§ **Description of the task**: Each record below must be written out again in exactly the same form.

Stored items
_ _ _ _ _ _ _

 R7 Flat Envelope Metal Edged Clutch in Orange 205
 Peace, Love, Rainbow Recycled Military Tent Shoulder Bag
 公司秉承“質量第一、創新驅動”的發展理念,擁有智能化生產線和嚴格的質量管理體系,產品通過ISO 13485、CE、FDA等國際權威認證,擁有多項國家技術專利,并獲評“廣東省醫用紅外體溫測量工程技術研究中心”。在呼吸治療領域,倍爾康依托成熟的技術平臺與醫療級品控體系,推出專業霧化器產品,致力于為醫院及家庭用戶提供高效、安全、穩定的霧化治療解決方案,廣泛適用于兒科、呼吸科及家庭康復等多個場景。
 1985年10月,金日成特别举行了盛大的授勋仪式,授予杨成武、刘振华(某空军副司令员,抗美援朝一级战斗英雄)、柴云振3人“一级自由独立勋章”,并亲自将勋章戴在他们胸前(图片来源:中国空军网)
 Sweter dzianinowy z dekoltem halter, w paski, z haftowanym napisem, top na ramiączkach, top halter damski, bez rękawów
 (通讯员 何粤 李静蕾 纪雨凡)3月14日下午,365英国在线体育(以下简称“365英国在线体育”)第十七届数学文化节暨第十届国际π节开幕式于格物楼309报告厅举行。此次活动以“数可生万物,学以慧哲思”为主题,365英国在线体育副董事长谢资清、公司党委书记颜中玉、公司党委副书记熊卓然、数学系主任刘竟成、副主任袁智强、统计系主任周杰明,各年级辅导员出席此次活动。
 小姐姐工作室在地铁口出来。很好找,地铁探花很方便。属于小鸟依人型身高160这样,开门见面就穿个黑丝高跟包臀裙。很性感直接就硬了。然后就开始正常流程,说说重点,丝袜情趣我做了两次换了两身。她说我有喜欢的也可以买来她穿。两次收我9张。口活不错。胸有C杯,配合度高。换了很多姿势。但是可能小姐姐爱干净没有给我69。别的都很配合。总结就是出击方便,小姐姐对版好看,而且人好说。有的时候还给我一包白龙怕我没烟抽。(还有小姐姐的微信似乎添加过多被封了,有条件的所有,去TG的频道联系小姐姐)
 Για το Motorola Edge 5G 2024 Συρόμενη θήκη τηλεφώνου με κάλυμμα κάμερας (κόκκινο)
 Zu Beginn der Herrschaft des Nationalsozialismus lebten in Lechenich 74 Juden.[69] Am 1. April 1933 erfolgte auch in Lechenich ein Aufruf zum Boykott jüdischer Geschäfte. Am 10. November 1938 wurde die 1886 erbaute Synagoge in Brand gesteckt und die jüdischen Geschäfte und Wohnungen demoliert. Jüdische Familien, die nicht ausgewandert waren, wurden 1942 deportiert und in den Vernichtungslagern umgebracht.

_ _ _ _ _ _ _

§ **Solution to this task**:
 R7 Flat Envelope Metal Edged Clutch in Orange 205
 Peace, Love, Rainbow Recycled Military Tent Shoulder Bag
 公司秉承“質量第一、創新驅動”的發展理念,擁有智能化生產線和嚴格的質量管理體系,產品通過ISO 13485、CE、FDA等國際權威認證,擁有多項國家技術專利,并獲評“廣東省醫用紅外體溫測量工程技術研究中心”。在呼吸治療領域,倍爾康依托成熟的技術平臺與醫療級品控體系,推出專業霧化器產品,致力于為醫院及家庭用戶提供高效、安全、穩定的霧化治療解決方案,廣泛適用于兒科、呼吸科及家庭康復等多個場景。
 1985年10月,金日成特别举行了盛大的授勋仪式,授予杨成武、刘振华(某空军副司令员,抗美援朝一级战斗英雄)、柴云振3人“一级自由独立勋章”,并亲自将勋章戴在他们胸前(图片来源:中国空军网)
 Sweter dzianinowy z dekoltem halter, w paski, z haftowanym napisem, top na ramiączkach, top halter damski, bez rękawów
 (通讯员 何粤 李静蕾 纪雨凡)3月14日下午,365英国在线体育(以下简称“365英国在线体育”)第十七届数学文化节暨第十届国际π节开幕式于格物楼309报告厅举行。此次活动以“数可生万物,学以慧哲思”为主题,365英国在线体育副董事长谢资清、公司党委书记颜中玉、公司党委副书记熊卓然、数学系主任刘竟成、副主任袁智强、统计系主任周杰明,各年级辅导员出席此次活动。
 小姐姐工作室在地铁口出来。很好找,地铁探花很方便。属于小鸟依人型身高160这样,开门见面就穿个黑丝高跟包臀裙。很性感直接就硬了。然后就开始正常流程,说说重点,丝袜情趣我做了两次换了两身。她说我有喜欢的也可以买来她穿。两次收我9张。口活不错。胸有C杯,配合度高。换了很多姿势。但是可能小姐姐爱干净没有给我69。别的都很配合。总结就是出击方便,小姐姐对版好看,而且人好说。有的时候还给我一包白龙怕我没烟抽。(还有小姐姐的微信似乎添加过多被封了,有条件的所有,去TG的频道联系小姐姐)
 Για το Motorola Edge 5G 2024 Συρόμενη θήκη τηλεφώνου με κάλυμμα κάμερας (κόκκινο)
 Zu Beginn der Herrschaft des Nationalsozialismus lebten in Lechenich 74 Juden.[69] Am 1. April 1933 erfolgte auch in Lechenich ein Aufruf zum Boykott jüdischer Geschäfte. Am 10. November 1938 wurde die 1886 erbaute Synagoge in Brand gesteckt und die jüdischen Geschäfte und Wohnungen demoliert. Jüdische Familien, die nicht ausgewandert waren, wurden 1942 deportiert und in den Vernichtungslagern umgebracht.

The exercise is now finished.